• [WHAT YOU HAVE TO DO]: Return all of the entries exactly, but do not include the pictures.

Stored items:

......

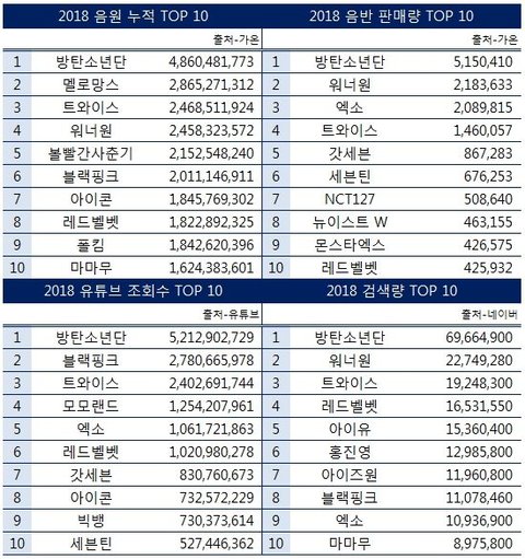 모랜 유튭 4위도 대단하고 워너원도 밸런스 좋았네
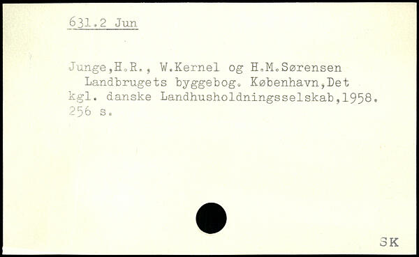 Junge,HoR., W.Kernel og H,MSSørensen Landbrugets byggebog. København,Det kgl. danske Landhusholdningsselskab,1958.
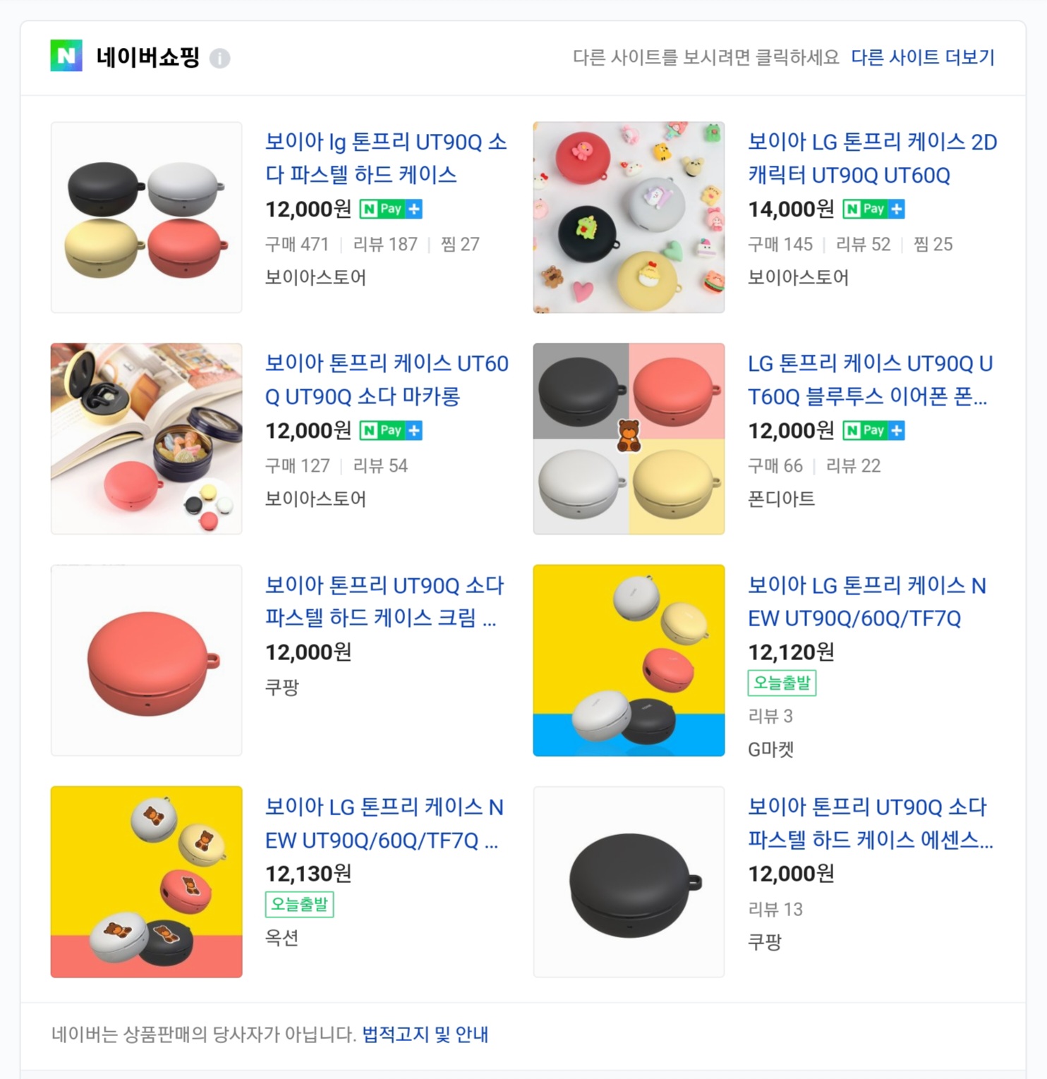 에어팟이랑 버즈는 별의별 디자인의 케이스가 차고 넘쳐나는 반면, 톤프리는 케이스가 그냥 없다고 봐도 무방한 수준이다. 구형 모델은 그나마 케이스 종류가 다양한 편인데, UT60Q와 UT90Q 두 최신형 모델은 출시한지 시간이 꽤 지났음에도 불구하고... 없다.
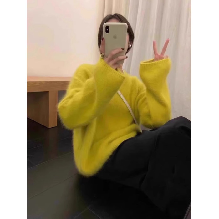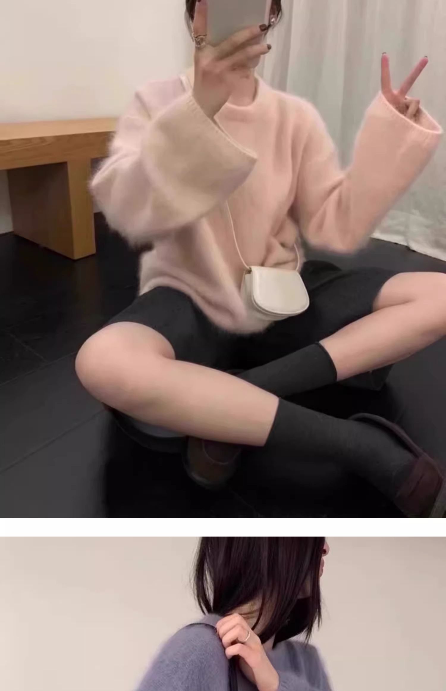 奶fufu慵懶紫色仿水貂絨毛衣冬季女2025新款寬松超好看內搭針織衫
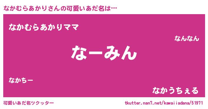 | 男性向けラノベタイトル風あだ名 | 『うちのなかむらあかりが世界を掌握している!』 |
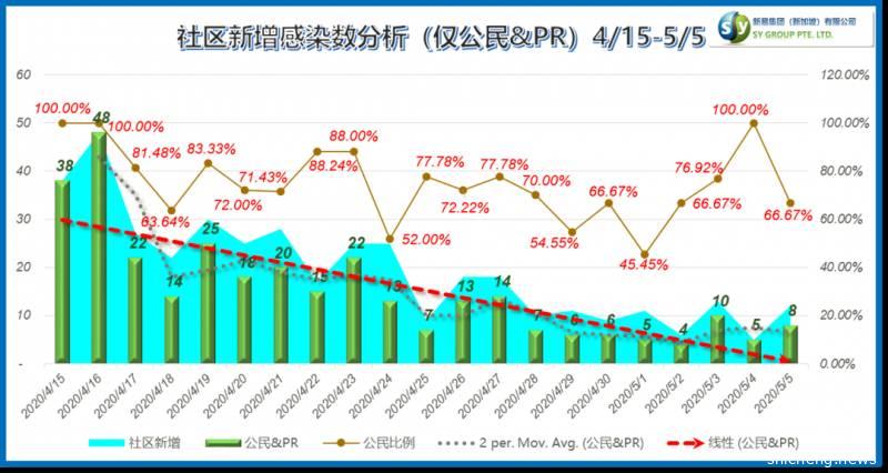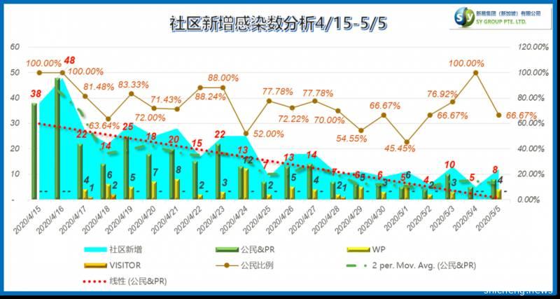 社区中的新增病例情况自4/16以来事实上一直都呈现下降趋势,尤其是公民&PR的新增情况,自4/25第一次出现个位数增长以来,11天中有8天均为个位数增长,很明显这是疫情在社区中得到有效遏制的结果。
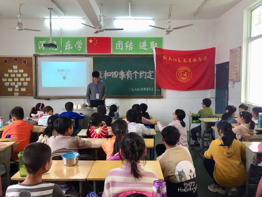 中国青年网安庆10月24日电(通讯员 吴晨 刘君艳)“百花风中摇,碧叶雨中戏,枯叶风中舞,白雪盖大地”古来山川之美,美在四季。为开阔孩子们的视野,领略大自然的魅力。10月17日,1949伟德国际源自英国伟德国际1949红太阳志愿者服务团来到十里中心小学,与留守儿童开展“四季之行”主题志愿活动,跟随着志愿者的步伐,小朋友们领略了四季的美景。
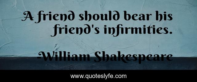 This page presents the quote "A friend should bear his friend's infirmities.". Author of this quote is William Shakespeare. .
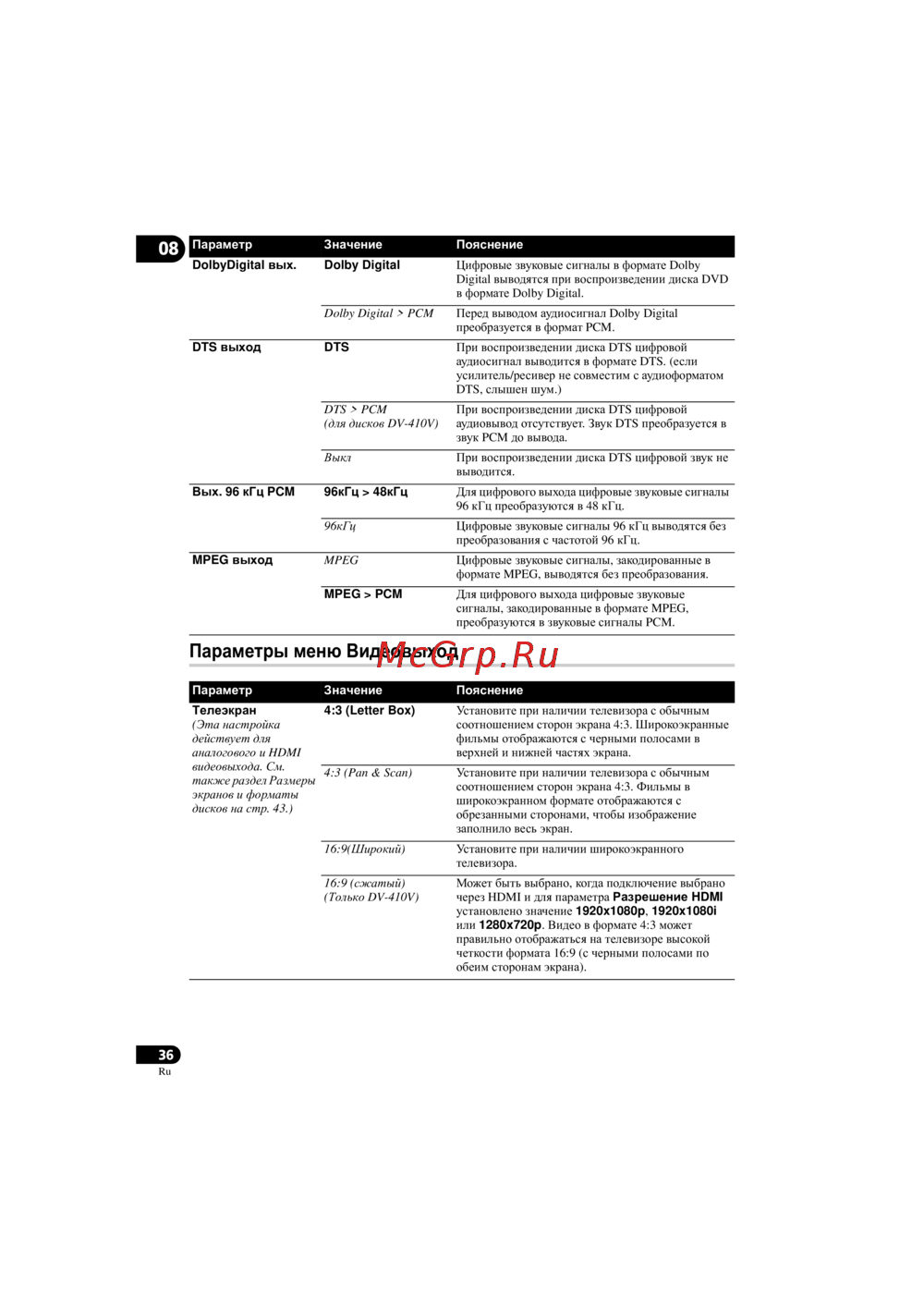- Параметры меню аудиовыход p.35
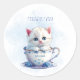 Kitten in Cup Blue Flowers Sticker
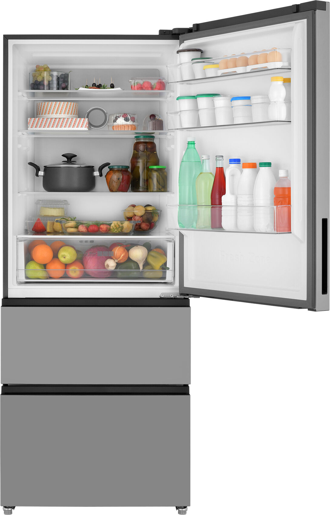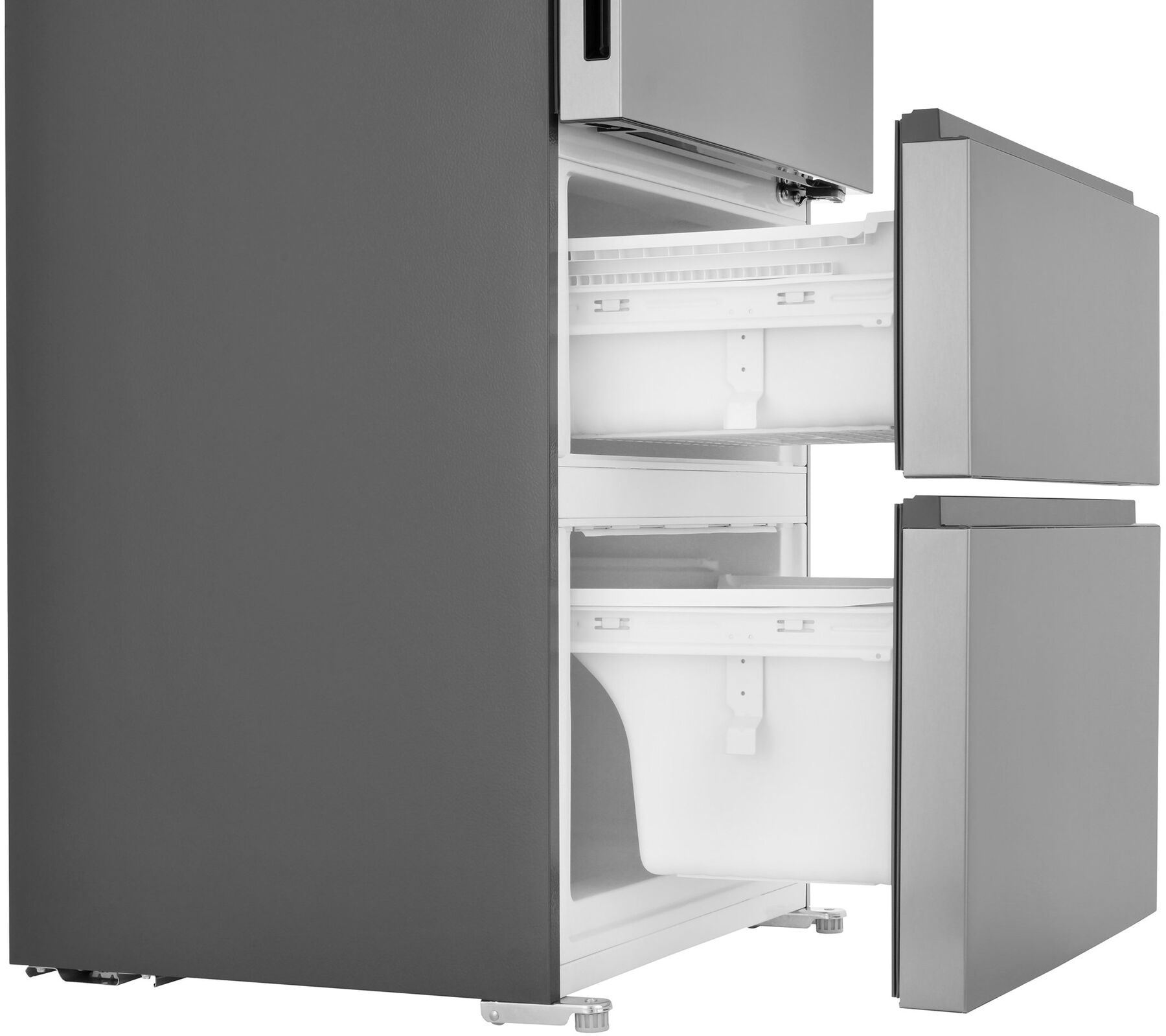 - Italian Door – стильный трёхдверный дизайн с удобными выдвижными ящиками – современная эстетика и максимальное удобство использования. Доступ к продуктам без потери холода
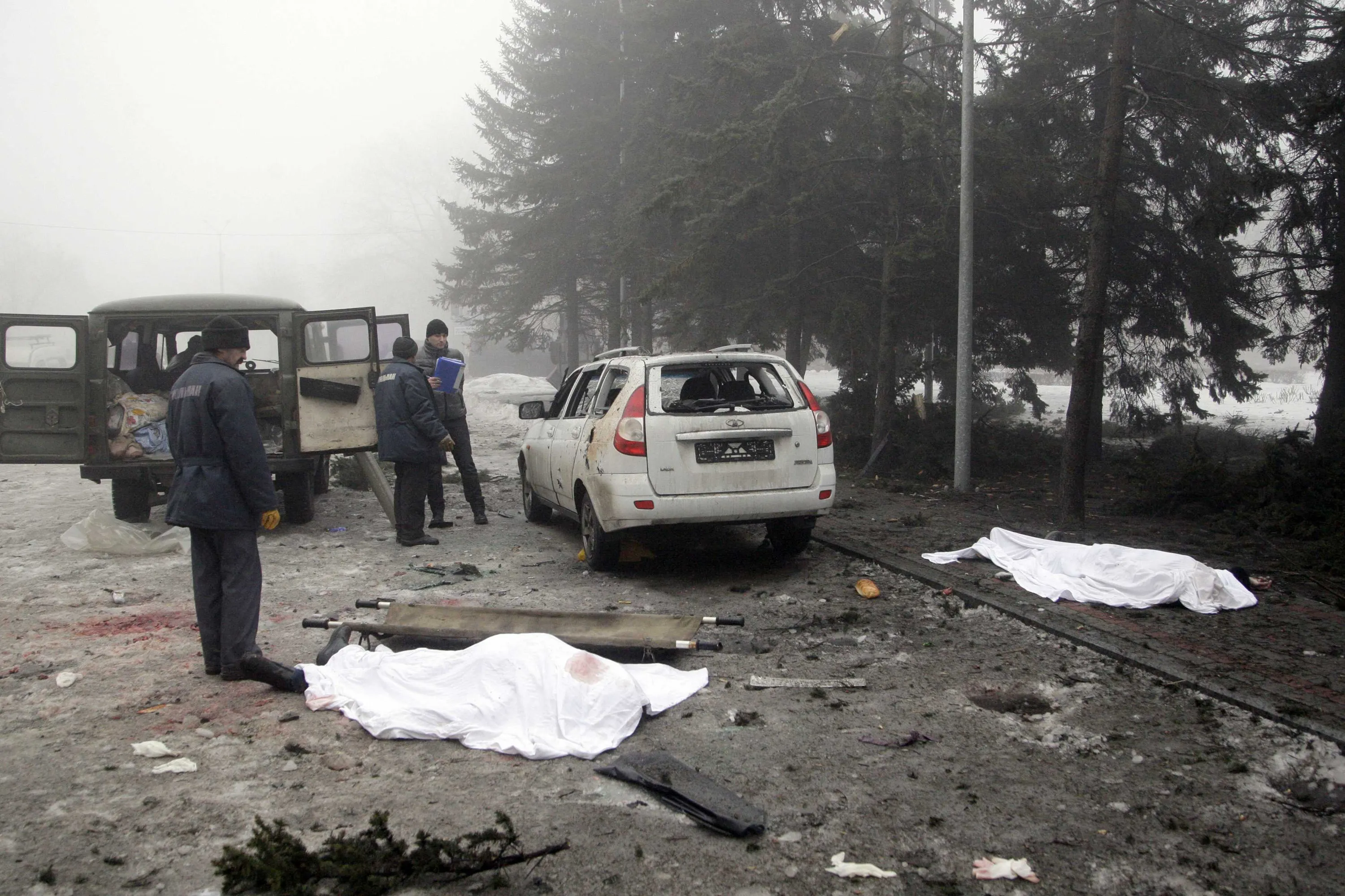 Men look at the covered bodies of victims at a site hit by shelling in Donetsk January 30, 2015. Civilians were killed on both sides in heavy fighting in eastern Ukraine on Friday, while an attempt to reopen peace talks in neighbouring Belarus was aborted before it began. Shells hit a cultural centre and a trolley bus in the eastern Ukrainian city of Donetsk on Friday, killing at least six people, Reuters journalists in the city said. The separatists said the total death toll in those two strikes was seven. (Photo by Alexander Ermochenko/Reuters)

......

• [RESULT]:
 모랜 유튭 4위도 대단하고 워너원도 밸런스 좋았네
 Junge,HoR., W.Kernel og H,MSSørensen Landbrugets byggebog. København,Det kgl. danske Landhusholdningsselskab,1958.
 에어팟이랑 버즈는 별의별 디자인의 케이스가 차고 넘쳐나는 반면, 톤프리는 케이스가 그냥 없다고 봐도 무방한 수준이다. 구형 모델은 그나마 케이스 종류가 다양한 편인데, UT60Q와 UT90Q 두 최신형 모델은 출시한지 시간이 꽤 지났음에도 불구하고... 없다.
 奶fufu慵懶紫色仿水貂絨毛衣冬季女2025新款寬松超好看內搭針織衫
 | 男性向けラノベタイトル風あだ名 | 『うちのなかむらあかりが世界を掌握している!』 |
 社区中的新增病例情况自4/16以来事实上一直都呈现下降趋势,尤其是公民&PR的新增情况,自4/25第一次出现个位数增长以来,11天中有8天均为个位数增长,很明显这是疫情在社区中得到有效遏制的结果。
 中国青年网安庆10月24日电(通讯员 吴晨 刘君艳)“百花风中摇,碧叶雨中戏,枯叶风中舞,白雪盖大地”古来山川之美,美在四季。为开阔孩子们的视野,领略大自然的魅力。10月17日,1949伟德国际源自英国伟德国际1949红太阳志愿者服务团来到十里中心小学,与留守儿童开展“四季之行”主题志愿活动,跟随着志愿者的步伐,小朋友们领略了四季的美景。
 This page presents the quote "A friend should bear his friend's infirmities.". Author of this quote is William Shakespeare. .
- Параметры меню аудиовыход p.35
 Kitten in Cup Blue Flowers Sticker
 - Italian Door – стильный трёхдверный дизайн с удобными выдвижными ящиками – современная эстетика и максимальное удобство использования. Доступ к продуктам без потери холода
 Men look at the covered bodies of victims at a site hit by shelling in Donetsk January 30, 2015. Civilians were killed on both sides in heavy fighting in eastern Ukraine on Friday, while an attempt to reopen peace talks in neighbouring Belarus was aborted before it began. Shells hit a cultural centre and a trolley bus in the eastern Ukrainian city of Donetsk on Friday, killing at least six people, Reuters journalists in the city said. The separatists said the total death toll in those two strikes was seven. (Photo by Alexander Ermochenko/Reuters)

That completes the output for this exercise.